• _RECORD SET_:
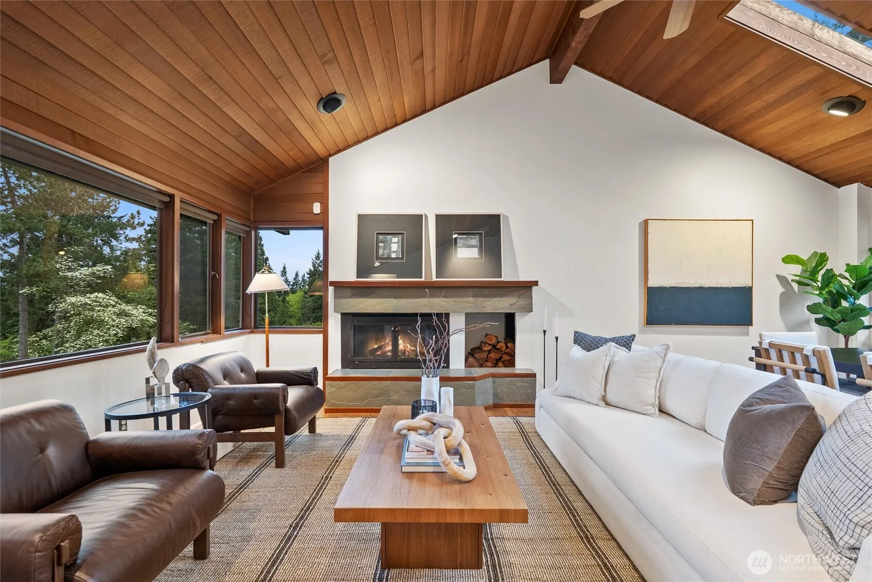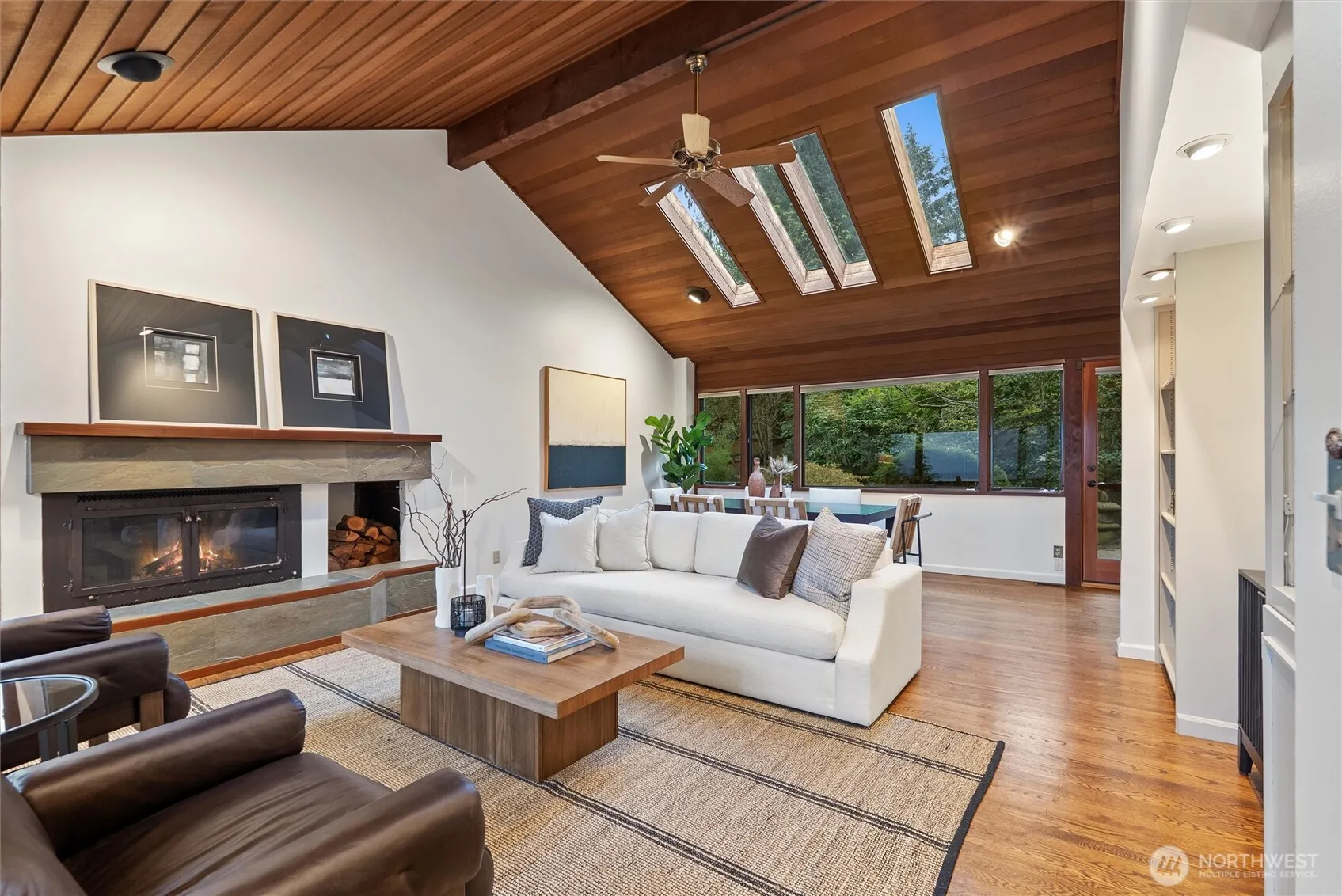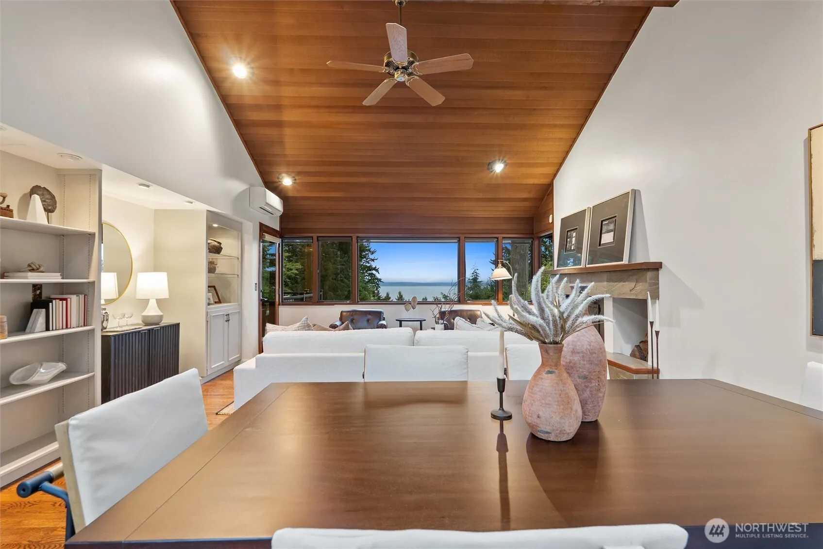 Enjoy privacy and Puget Sound views from every living space of this handsome home in the trees. A natural setting and quiet neighborhood provides the backdrop for connection to the outdoors and thoughtfully designed Northwest mid-century architecture. Vaulted, wood-lined ceilings and exposed beams & trim, built-ins, hardwood floors and brick accents are all featured prominently, adding character and warmth. Floor to ceiling windows and skylights complement with ample natural light. Updates include efficient kitchen with granite counters, Stainless Steel appliances and gas cooking; expanded primary ensuite; and fresh interior paint. Functional, flexible floorplan with separate entrances on main and lower levels. Bonus eagles nest loft offers an idyllic getaway space or 4th BR/den/office. Generous deck overlooks both territorial and water views; charming patio is wrapped in mature landscaping and backyard birdsongs. Three fireplaces for cozy options everywhere. Split A/C system and back-up generator provide for comfort year-round and peace of mind. Hot tub-ready pad + electrical. Home sits atop a private driveway, with ample turnaround and extra dedicated parking areas. Wine cellar and heated shop/studio complete the ambiance of peaceful living. Top-rated Edmonds school district. Downtown Edmonds, Perrinville shops, Meadowdale Community Center, Beach Park & Playfields all nearby. Easy commute to Boeing, I5/405/99. Lynnwood light rail station apprx 4 miles away.
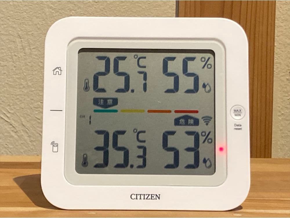下の画像は2024年8月25日の14時30分に計測した温度計です。2Fホールのエアコンを27℃に設定しいてる状態での気温となります。屋外の気温差と家の中の1階と2階の気温差をご確認いただければと思います。新潟の暑い夏の日でも、1台のエアコンで家のどこにていも温度差のない快適なエシカルハウスの家づくりをぜひ体感してください。
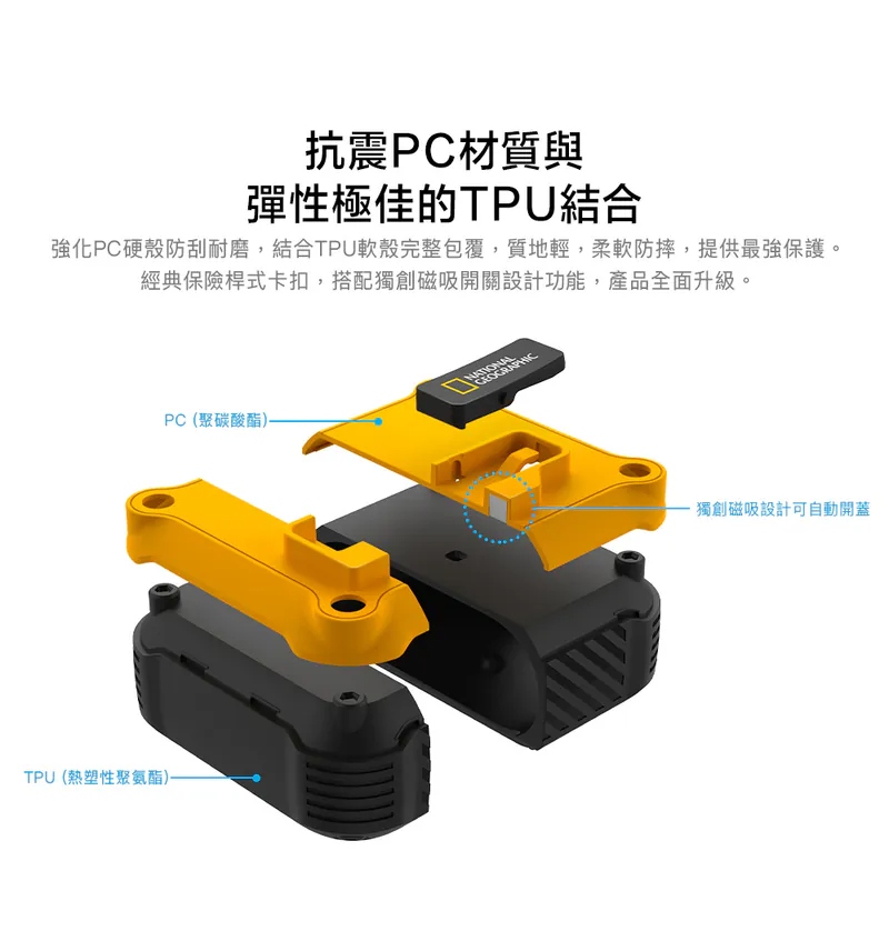 • 抗震PC材質與彈性極佳的TPU結合,強化PC硬殼防刮耐磨,結合TPU軟殼完整包覆,質地輕且柔軟防摔,提供最強保護
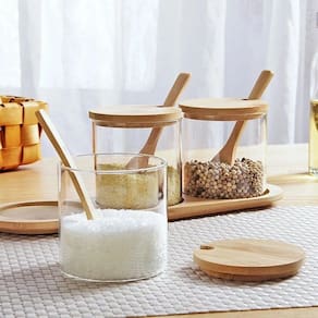 Suporte: o suporte de bambu acomoda os 3 potes, um ao lado do outro, facilitando a organização.
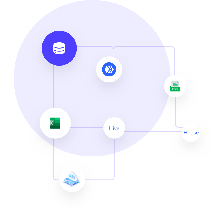 支持mysql、hive、clickhouse、Hbase等多种数据库;支持excle\csv文件导入;API接口对接。

• _DESCRIPTION OF THE TASK_: With the pictures set aside, write out the whole listing exactly.

• _EXERCISE RESULT_:
 Enjoy privacy and Puget Sound views from every living space of this handsome home in the trees. A natural setting and quiet neighborhood provides the backdrop for connection to the outdoors and thoughtfully designed Northwest mid-century architecture. Vaulted, wood-lined ceilings and exposed beams & trim, built-ins, hardwood floors and brick accents are all featured prominently, adding character and warmth. Floor to ceiling windows and skylights complement with ample natural light. Updates include efficient kitchen with granite counters, Stainless Steel appliances and gas cooking; expanded primary ensuite; and fresh interior paint. Functional, flexible floorplan with separate entrances on main and lower levels. Bonus eagles nest loft offers an idyllic getaway space or 4th BR/den/office. Generous deck overlooks both territorial and water views; charming patio is wrapped in mature landscaping and backyard birdsongs. Three fireplaces for cozy options everywhere. Split A/C system and back-up generator provide for comfort year-round and peace of mind. Hot tub-ready pad + electrical. Home sits atop a private driveway, with ample turnaround and extra dedicated parking areas. Wine cellar and heated shop/studio complete the ambiance of peaceful living. Top-rated Edmonds school district. Downtown Edmonds, Perrinville shops, Meadowdale Community Center, Beach Park & Playfields all nearby. Easy commute to Boeing, I5/405/99. Lynnwood light rail station apprx 4 miles away.
下の画像は2024年8月25日の14時30分に計測した温度計です。2Fホールのエアコンを27℃に設定しいてる状態での気温となります。屋外の気温差と家の中の1階と2階の気温差をご確認いただければと思います。新潟の暑い夏の日でも、1台のエアコンで家のどこにていも温度差のない快適なエシカルハウスの家づくりをぜひ体感してください。
 • 抗震PC材質與彈性極佳的TPU結合,強化PC硬殼防刮耐磨,結合TPU軟殼完整包覆,質地輕且柔軟防摔,提供最強保護
 Suporte: o suporte de bambu acomoda os 3 potes, um ao lado do outro, facilitando a organização.
 支持mysql、hive、clickhouse、Hbase等多种数据库;支持excle\csv文件导入;API接口对接。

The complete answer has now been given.